Well we are getting a decent snow fall today.. we have about 1 inch on the grass so far... only supposed to get 1-2" but what happened? 
I thought it was spring?


----------



## Live Oak (Dec 22, 2003)

Technically it is not Spring yet. Like ole' Yoggi used to say...........it ain't over till its over" Winter is hanging on here too. Had a good frost this morning. We 80 degrees last week. Go figure?


----------



## Stewart (Sep 17, 2003)

What do you expect, you do live in the great white north!!!!!!
Just kidding.......how late do you normaly get snow up there?
In Colorado we used to get snow untill about this time in April. Spring storms used to be the worst. At least the snow was gone quick! :lucky:


----------



## guest (Sep 16, 2003)

weve had a lot of snow on the ground well into april.. but this year we barely had any snow... so until today the grass was pretty much clear of any snow.. 

its frustrating.. my company is in mass, so every week or so i go down there its only an hour and a half away.. but some years, i would leave here with snow on the ground (6-10") and go down there and they have no snow at all, green lawns and their spring flowers coming out.. 

oh well.. thats the price we pay to live in maine...


----------



## Stewart (Sep 17, 2003)

Do you work from home?

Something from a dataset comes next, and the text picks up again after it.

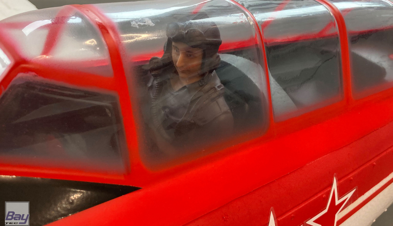 Die AMXFlight YAK-11 ist ein sehr schöner Scale Nachbau in der rot / weißen Lackierung mit allen Aufklebern, die dem Original entsprechen. Die Optik und die Qualität des Modells sind herausragend – der Flieger überzeugt auf Anhieb durch seine Größe mit einer Spannweite von 1450mm, dem massigen Rumpf und dem riesigen 16 x 6E Propeller. Die YAK-11 kommt als PNP Variante aus der Box und alle Komponenten wie Servos, Motor, Regler, Fahrwerk und Landeklappen (Spreizklappen) sind bereits fertig eingebaut. Der Zusammenbau beschränkt sich somit lediglich auf das Verschrauben des Leitwerks und das Anbringen der 2-teiligen Hauptfläche. Alle Komponenten sind geschraubt. Lediglich die Scale Antenne hinter dem Cockpit muss eingeklebt werden. Der voluminöse Rumpf ist für die Aufnahme von 6S LiPo Akkus mit einer Kapazität von 5000mAh bestens geeignet und der angegebene Schwerpunkt des Modells ist damit einfach einzustellen. Die Kabinenhaube ist sehr großzügig gestaltet und erlaubt ein sauberes Arbeiten im Inneren des Rumpfes. Das Fahrwerk wurde mit 5mm Materialstärke und einer aktiven Dämpfung versehen – es hält somit dem Eigengewicht des Modells wie auch unebenen Start- und Landeplätzen problemlos stand. Die Spreizklappen vermindern die Fluggeschwindigkeit deutlich, um das Landen so einfach wie möglich zu bewerkstelligen.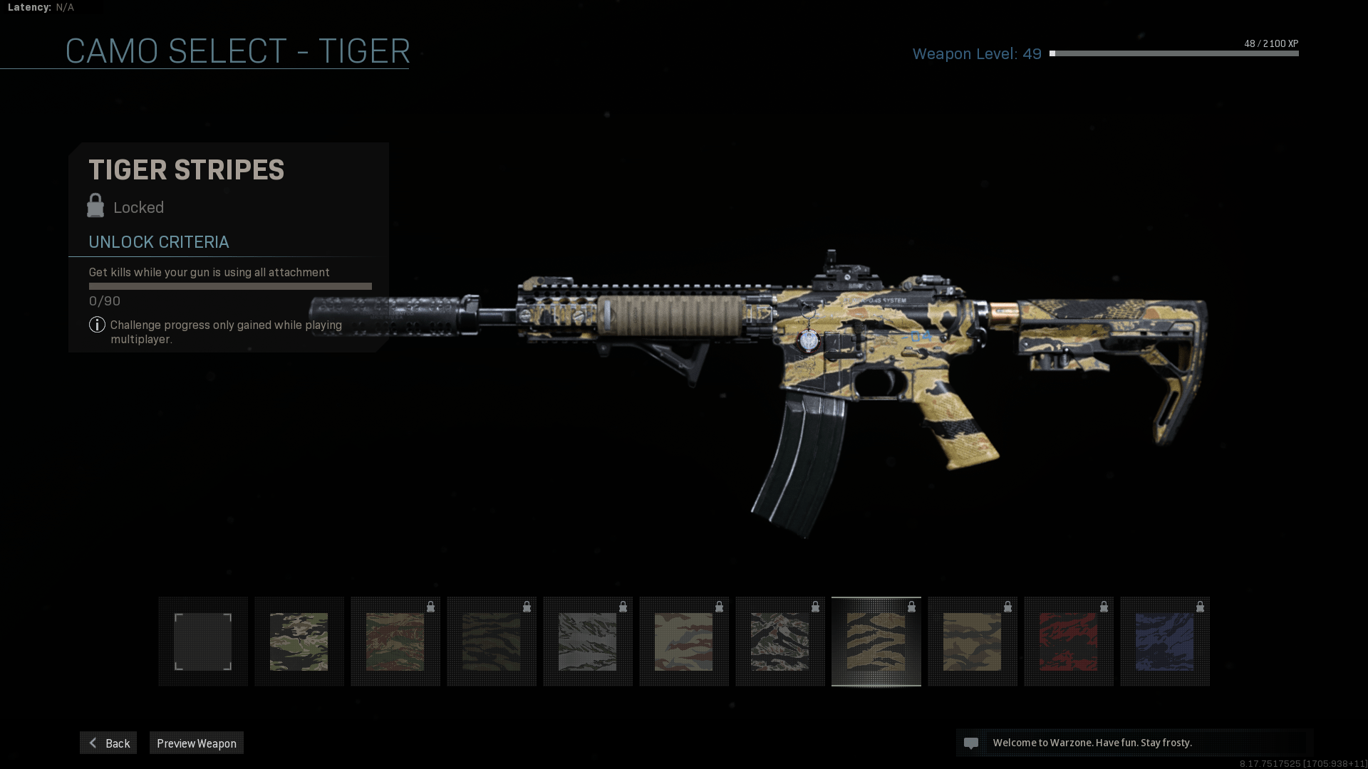 Tiger Stripes – Get 90 kills when your gun is using all attachment

That would be a real fun drive to make on a regular basis!:dazed:


----------



## guest (Sep 16, 2003)

yes work from home but go to mass every week or so for the day.. its pretty good.. actually i am from mass and my family is down there so i kill 2 birds with one stone and visit them after work


----------



## Stewart (Sep 17, 2003)

OK I have to ask, what do you do that you can work from home?


----------



## guest (Sep 16, 2003)

AS/400 programmer... (ibm Midrange computer) 

Same as tractorguy.... and we both liked/owned simplicities... And we are both from the great white north.. me Maine, him wisconsin... scary...


----------



## Stewart (Sep 17, 2003)

I don't think I would draw that conclusion or even hint about that one!!! 

If I worked at home it wouldn't last long. I can always find something else to do. I am glad it works out for you. You could save a bundle on not eating out for lunch and gas money! That means more tools!


----------



## MowHoward2210 (Nov 2, 2003)

> _Originally posted by simple_john _
> *AS/400 programmer... (ibm Midrange computer)
> 
> Same as tractorguy.... and we both liked/owned simplicities... And we are both from the great white north.. me Maine, him wisconsin... scary... *


Yeah, but one guy is cool, and the other is (insert description here)!


----------



## guest (Sep 16, 2003)

> _Originally posted by MowHoward2210 _
> *Yeah, but one guy is cool, and the other is (insert description here)!  *


which one am I???


----------



## MowHoward2210 (Nov 2, 2003)

> _Originally posted by simple_john _
> *which one am I??? *


That's a no-brainer simplejohn


----------



## jodyand (Sep 16, 2003)

> _Originally posted by simple_john _
> *AS/400 programmer... (ibm Midrange computer)
> 
> Same as tractorguy.... and we both liked/owned simplicities... And we are both from the great white north.. me Maine, him wisconsin... scary... *


You mean hodag dont you sj:furious: 
Jody


----------



## Argee (Sep 17, 2003)

> _Originally posted by simple_john _
> *which one am I??? *


You da man SJ!!!!:thumbsup:


----------



## Live Oak (Dec 22, 2003)

That is a pretty hefty commute SJ even for once a week. I hate long drives like that but it is a good reason to drop in and visit with family like you said.


----------



## ducati996 (Dec 27, 2003)

There is nothing worse than a Massachucetts driver....I hate them more than NY drivers, and I'm from NY...
I have family in NH - see them often and when I buzz thru MA
I mentally prepare myself to kill first and ask questions later... :smoking:


----------



## guest (Sep 16, 2003)

> _Originally posted by ducati996 _
> *There is nothing worse than a Massachucetts driver....I hate them more than NY drivers, and I'm from NY...
> I have family in NH - see them often and when I buzz thru MA
> I mentally prepare myself to kill first and ask questions later... :smoking: *


*thats why in maine we call them Massholes... * 

my better half used to have a little nissan.. we would take that to mass when we went together but down there, given the choice of letting you out on the road or running you down. they choose running you down.. so now we always take the truck.. at least we have a fighting chance...


----------



## Argee (Sep 17, 2003)

Well' believing in the Farmers Almanac...I took the snow blower of my GT5000 today...here's hoping I don't regret it!!


----------